__DATASET EXCERPT__:
=====

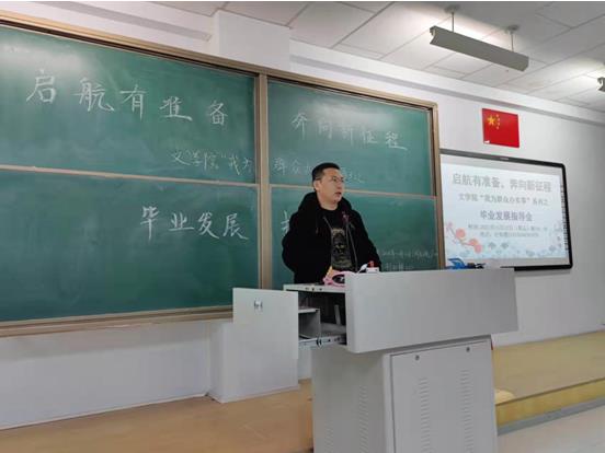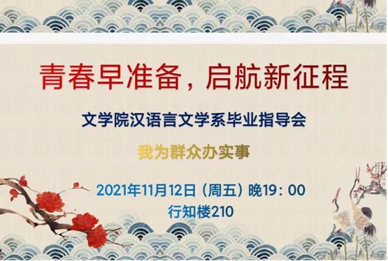 2021年11月13日,beat365在盛乐校区行知楼210召开了主题为“启航有准备,奔向新征程”的毕业生发展指导会。本次会议由汉文系、汉语系、教务办共同举办,教工一支部书记刘伟博士、汉语言文学系副主任胡素莲博士、教务办公室吴永盛老师出席了会议,汉文系、汉语系、秘书系全体毕业生共300余人参加了会议。
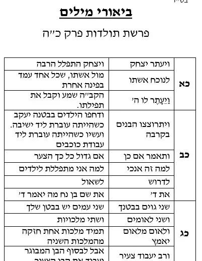 ביאורי מילים פרשת תולדות פרק כה וכו'
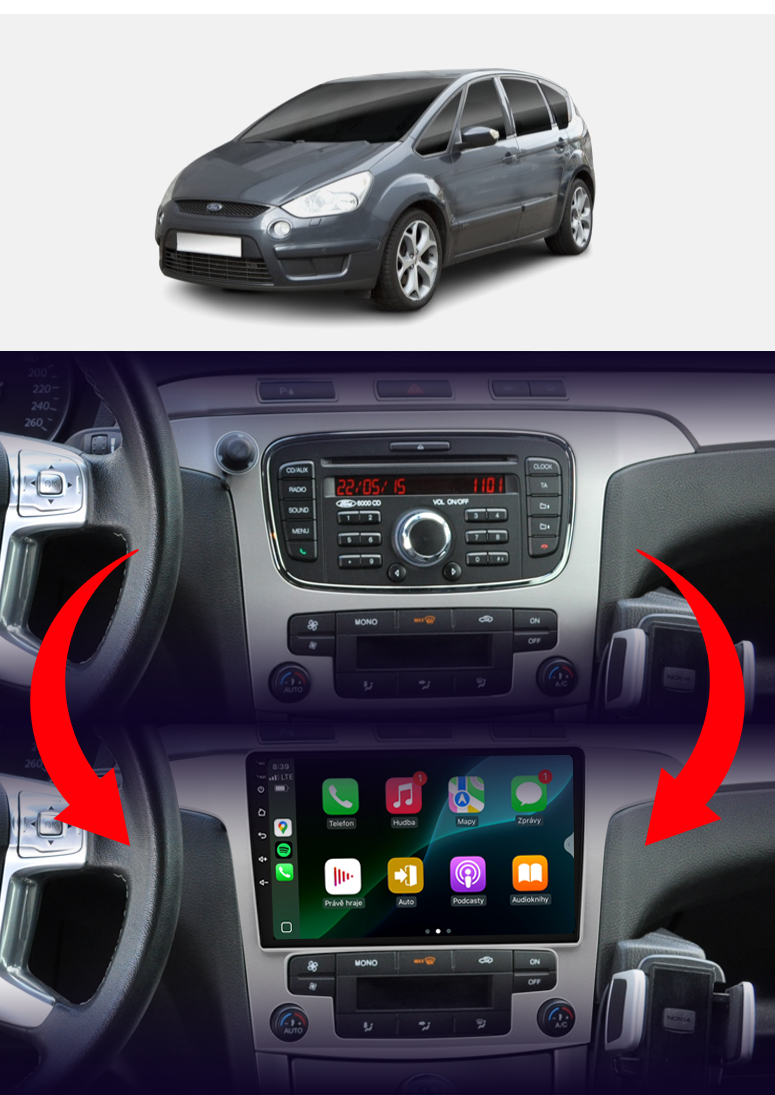 Rádio určené a plně přizpůsobené pro provoz ve vozidle Ford S-Max 2006-2015

=====

__ACTIVITY__: Reproduce the listing above exactly, excluding all pictures.

__SOLUTION TO THIS EXERCISE__:
 2021年11月13日,beat365在盛乐校区行知楼210召开了主题为“启航有准备,奔向新征程”的毕业生发展指导会。本次会议由汉文系、汉语系、教务办共同举办,教工一支部书记刘伟博士、汉语言文学系副主任胡素莲博士、教务办公室吴永盛老师出席了会议,汉文系、汉语系、秘书系全体毕业生共300余人参加了会议。
 ביאורי מילים פרשת תולדות פרק כה וכו'
 Rádio určené a plně přizpůsobené pro provoz ve vozidle Ford S-Max 2006-2015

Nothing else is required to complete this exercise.